New Sex offender laws may cause bigger problems than they are worth.

ByABC News
March 7, 2007, 2:32 PM

March 7, 2007 — -- Megan Kanka, Polly Klaas, Jessica Lunsford -- the names break your heart at their very mention. All were victims of child sex predators.

But laws passed in their names may be making matters worse.

Across the nation, communities and legislators are enacting a wide variety of new laws to fight back against sex offenders. Some communities have set residency restrictions on sex offenders, others require GPS monitoring, and in Ohio there's a proposal that would require registered sex offenders to put bright green license plates on their vehicles.

But a growing chorus of experts said that many laws targeting sex offenders have backfired. And the consequences could be far-reaching.

"In 2005, we had a series of very high-profile, very violent brutal sex crimes against children,'' said Jill Levenson, a professor of human services at Lynn University in Florida. "And that really sparked a nationwide panic."

Residency restriction laws are among the most common new legislative efforts to address community concerns. Many states have enacted laws that bar offenders from living within 2,000 feet of a school or day care center. In California, the required distance is a quarter mile.

But the not-in-my-backyard mentality that has understandably prompted much of this legislation may be producing the opposite effect.

In Cedar Rapids, Iowa, Sheriff Don Zeller said new residency restrictions are forcing offenders into rural parts of the county where they are far harder to keep track of -- or worse, forcing them underground, where they can be lost track of completely.
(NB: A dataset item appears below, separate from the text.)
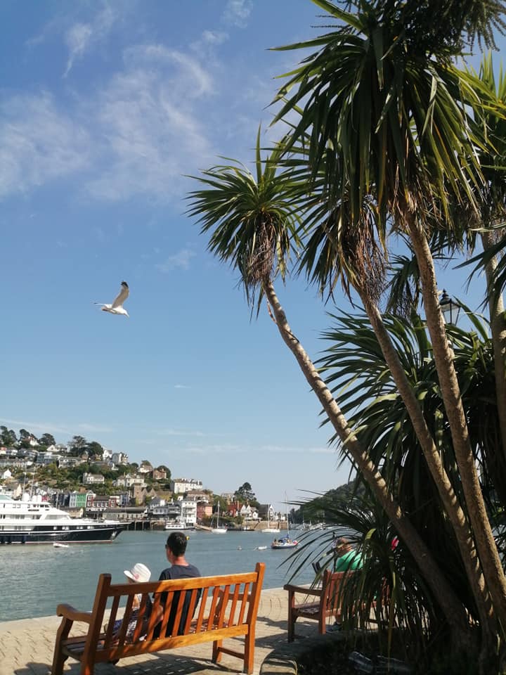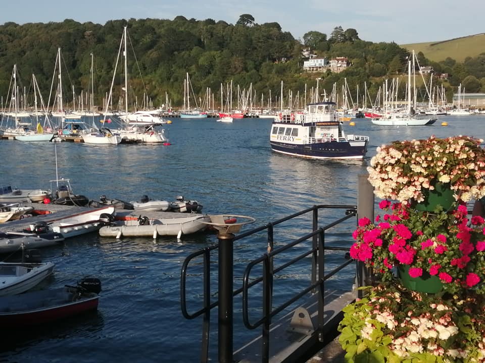 Sit down on a bench to gaze at the boats underneath the swaying palm-trees. The bustling ‘Dart ‘Harbour bursts with life as fishing vessels bring in fresh hauls fresh from the English Channel, tourists pile on and off ferries, boats moor in and there are gleaming yachts and cruise boats alongside Dartmouth town jetty and Naval vessels parked in the Marina. All the while, the higher and lower ferries transport people and vehicles across the Dart. The harbour is lined with colourful pennants attached to the barricades, all handcrafted by local people and visitors from all over the world to commemorate the 400th anniversary of the Mayflower sailing from Dartmouth. Across the Dart is the green backdrop of Kingswear where steam trains occasionally weave in and out.

"We're finding that it's almost impossible to keep track of individuals we have registered in the county,'' Zeller told ABC News' Law & Justice Unit. "Five years ago, we knew where about 95 percent of those individuals were. Now we're lucky if we know where 50, 55 percent of them are.''

And paradoxically, Zeller said, the new restrictions are also creating creepy sex offender "clusters'' -- like the Ced-Rel Motel in Lynn County, where more than two dozen sex offenders lived at one time.